Please restate word for word the lines of the entries below from the one with "In Dorsten-Holsterhausen hat" to the one with "Time Resistance bags", inclusive, and leave out every picture.

--- Material to process ---
※
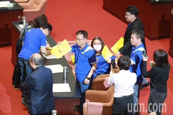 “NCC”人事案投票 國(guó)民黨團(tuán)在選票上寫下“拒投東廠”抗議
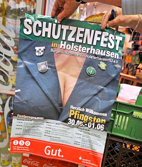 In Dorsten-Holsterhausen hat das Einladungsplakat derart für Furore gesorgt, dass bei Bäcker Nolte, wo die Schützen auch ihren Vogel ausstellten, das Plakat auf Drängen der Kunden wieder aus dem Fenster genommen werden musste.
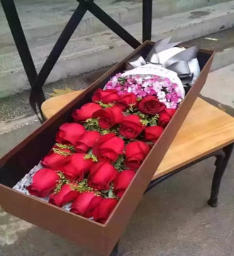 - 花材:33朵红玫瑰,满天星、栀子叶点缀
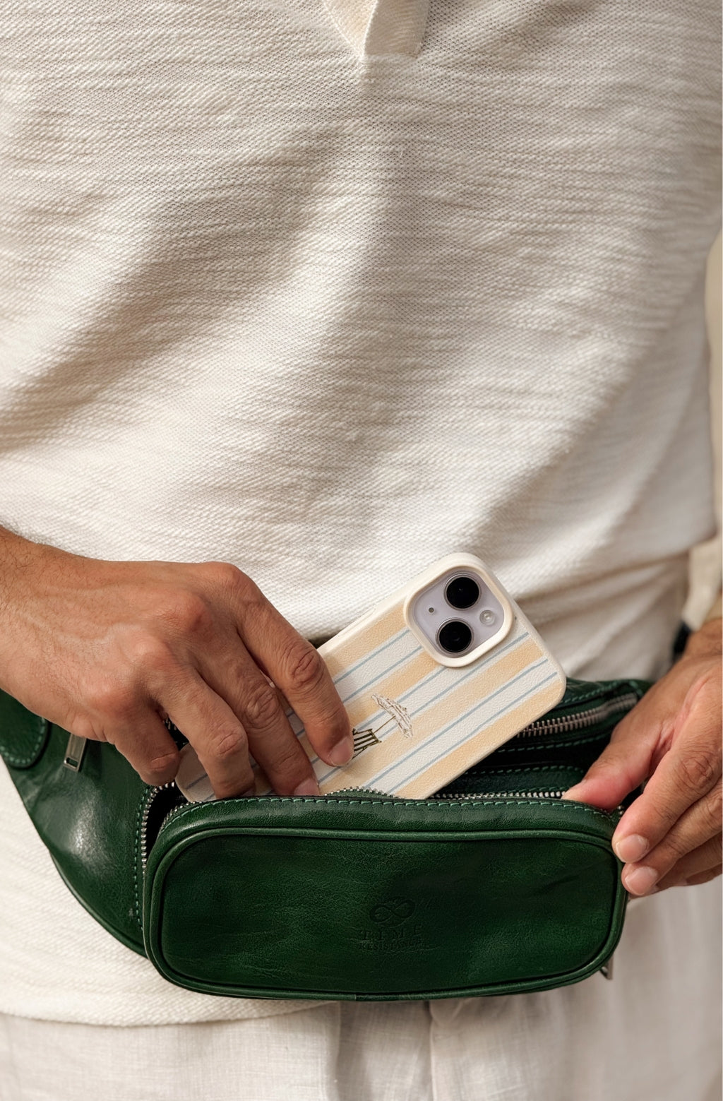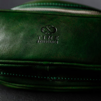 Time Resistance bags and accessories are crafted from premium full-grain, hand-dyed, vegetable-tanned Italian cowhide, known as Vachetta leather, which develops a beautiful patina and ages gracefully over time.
※
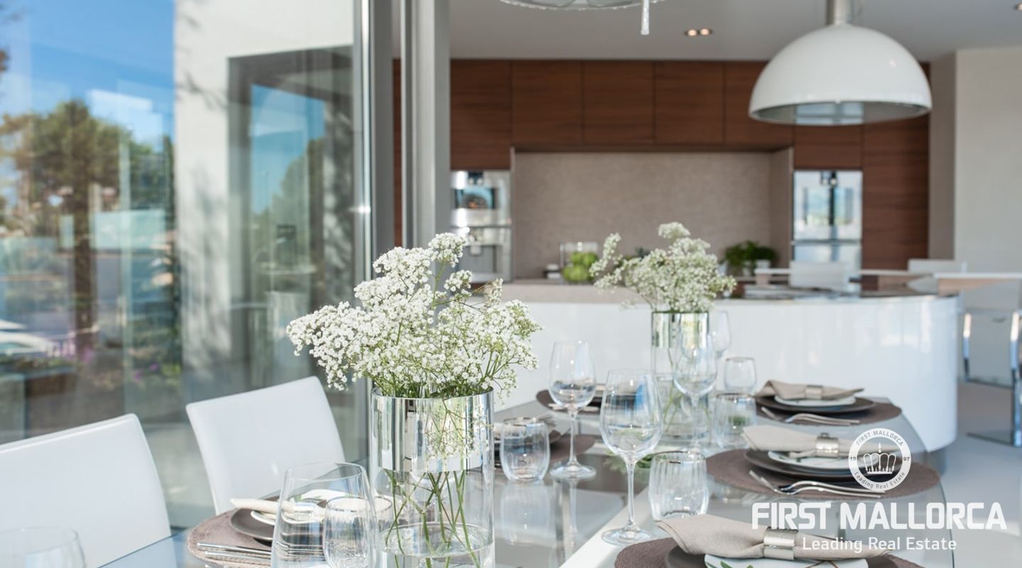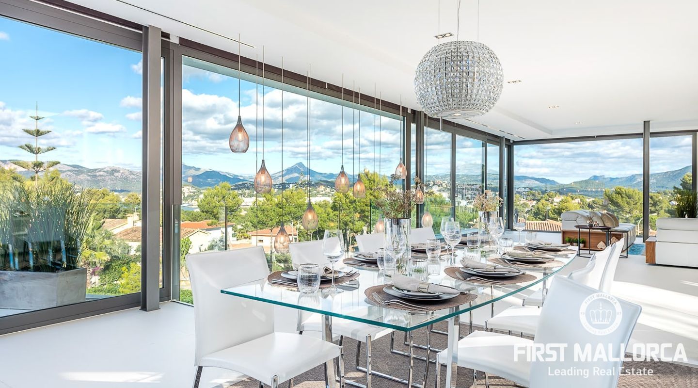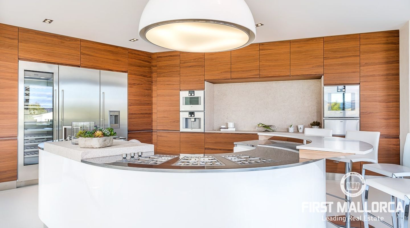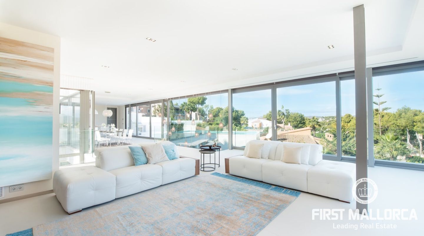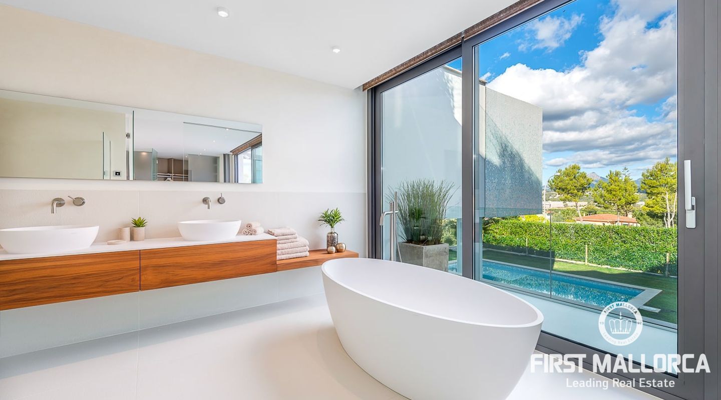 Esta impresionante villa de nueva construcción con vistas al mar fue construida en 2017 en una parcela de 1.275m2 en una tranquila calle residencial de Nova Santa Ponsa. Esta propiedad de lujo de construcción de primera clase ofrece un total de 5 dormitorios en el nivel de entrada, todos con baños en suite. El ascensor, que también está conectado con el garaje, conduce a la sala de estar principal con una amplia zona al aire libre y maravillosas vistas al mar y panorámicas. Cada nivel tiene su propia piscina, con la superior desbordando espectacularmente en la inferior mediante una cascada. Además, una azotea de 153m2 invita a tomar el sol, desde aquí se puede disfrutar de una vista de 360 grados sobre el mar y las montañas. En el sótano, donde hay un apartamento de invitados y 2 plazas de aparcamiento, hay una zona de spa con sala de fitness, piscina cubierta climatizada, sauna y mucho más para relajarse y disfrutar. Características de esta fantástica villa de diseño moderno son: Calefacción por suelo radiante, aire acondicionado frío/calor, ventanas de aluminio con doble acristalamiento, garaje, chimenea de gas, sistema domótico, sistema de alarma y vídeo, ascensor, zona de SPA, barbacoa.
※
--- Written response ---
 In Dorsten-Holsterhausen hat das Einladungsplakat derart für Furore gesorgt, dass bei Bäcker Nolte, wo die Schützen auch ihren Vogel ausstellten, das Plakat auf Drängen der Kunden wieder aus dem Fenster genommen werden musste.
 - 花材:33朵红玫瑰,满天星、栀子叶点缀
 Time Resistance bags and accessories are crafted from premium full-grain, hand-dyed, vegetable-tanned Italian cowhide, known as Vachetta leather, which develops a beautiful patina and ages gracefully over time.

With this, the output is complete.